───── Given data ─────

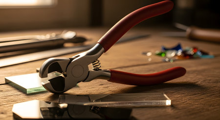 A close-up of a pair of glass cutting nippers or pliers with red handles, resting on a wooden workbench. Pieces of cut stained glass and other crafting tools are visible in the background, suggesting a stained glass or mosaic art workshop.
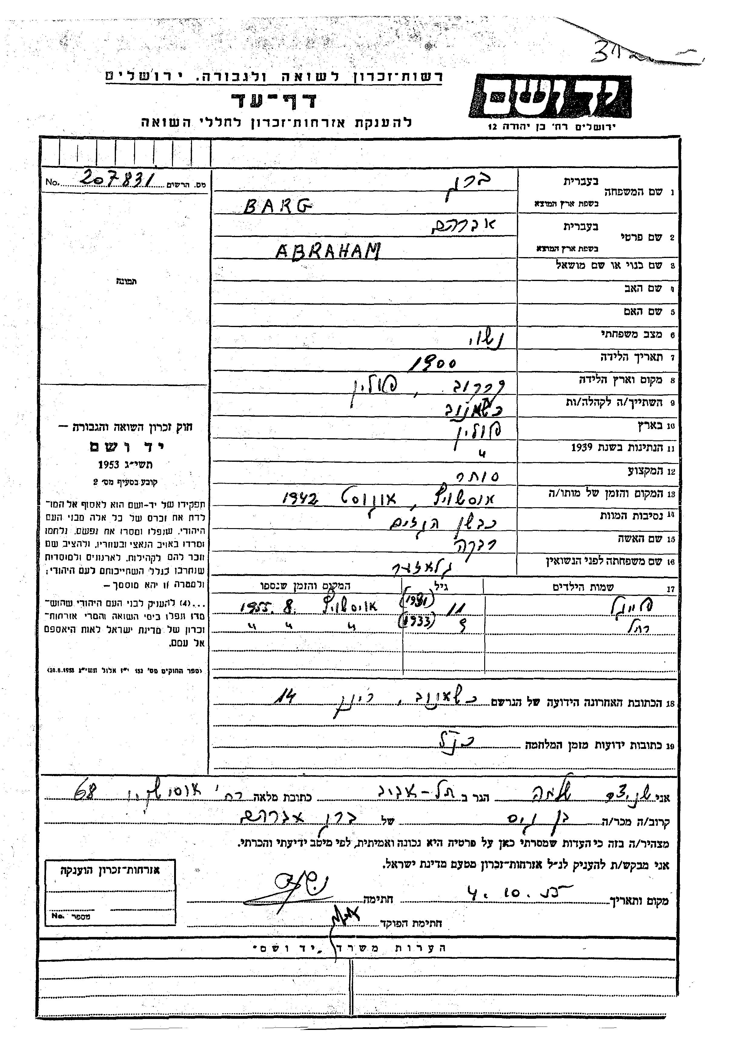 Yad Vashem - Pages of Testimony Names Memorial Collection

─────
───── Given data ─────

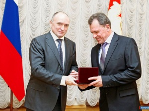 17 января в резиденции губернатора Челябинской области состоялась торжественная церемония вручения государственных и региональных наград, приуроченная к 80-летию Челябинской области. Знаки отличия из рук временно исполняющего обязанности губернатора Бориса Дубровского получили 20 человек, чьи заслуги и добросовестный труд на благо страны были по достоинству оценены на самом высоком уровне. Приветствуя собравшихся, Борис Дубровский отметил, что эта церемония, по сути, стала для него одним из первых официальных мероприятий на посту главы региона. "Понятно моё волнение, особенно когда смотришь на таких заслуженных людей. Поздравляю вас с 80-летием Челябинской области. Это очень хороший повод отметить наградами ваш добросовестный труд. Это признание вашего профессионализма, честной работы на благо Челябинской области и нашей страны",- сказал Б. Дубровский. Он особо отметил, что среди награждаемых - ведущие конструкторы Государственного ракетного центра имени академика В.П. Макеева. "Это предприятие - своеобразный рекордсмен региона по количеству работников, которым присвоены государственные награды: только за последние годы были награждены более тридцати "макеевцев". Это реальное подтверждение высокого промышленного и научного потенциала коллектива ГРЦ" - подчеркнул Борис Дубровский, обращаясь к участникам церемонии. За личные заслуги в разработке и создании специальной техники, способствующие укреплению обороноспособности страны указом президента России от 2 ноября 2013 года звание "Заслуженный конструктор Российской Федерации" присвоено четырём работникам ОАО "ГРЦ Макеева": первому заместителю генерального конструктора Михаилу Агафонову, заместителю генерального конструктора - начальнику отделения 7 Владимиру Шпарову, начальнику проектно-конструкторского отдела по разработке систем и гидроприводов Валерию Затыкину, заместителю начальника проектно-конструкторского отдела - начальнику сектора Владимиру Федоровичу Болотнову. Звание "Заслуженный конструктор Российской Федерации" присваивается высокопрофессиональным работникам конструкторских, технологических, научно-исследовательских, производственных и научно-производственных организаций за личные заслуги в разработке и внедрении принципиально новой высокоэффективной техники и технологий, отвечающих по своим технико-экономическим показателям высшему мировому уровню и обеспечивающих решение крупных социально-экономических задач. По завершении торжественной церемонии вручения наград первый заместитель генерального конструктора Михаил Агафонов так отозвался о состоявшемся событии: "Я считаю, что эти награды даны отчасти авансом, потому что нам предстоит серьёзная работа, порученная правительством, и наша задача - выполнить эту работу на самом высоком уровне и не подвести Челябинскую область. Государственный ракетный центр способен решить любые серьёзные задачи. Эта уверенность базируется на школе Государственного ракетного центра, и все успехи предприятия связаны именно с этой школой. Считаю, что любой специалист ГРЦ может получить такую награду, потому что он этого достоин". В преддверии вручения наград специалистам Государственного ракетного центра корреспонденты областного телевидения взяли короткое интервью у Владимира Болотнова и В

─────

Your task:
Leaving every picture aside, reproduce exactly the lines above from the one with "A close-up of" up to and including the one with "Yad Vashem - Pages", and no others.

Completed task:
 A close-up of a pair of glass cutting nippers or pliers with red handles, resting on a wooden workbench. Pieces of cut stained glass and other crafting tools are visible in the background, suggesting a stained glass or mosaic art workshop.
 Yad Vashem - Pages of Testimony Names Memorial Collection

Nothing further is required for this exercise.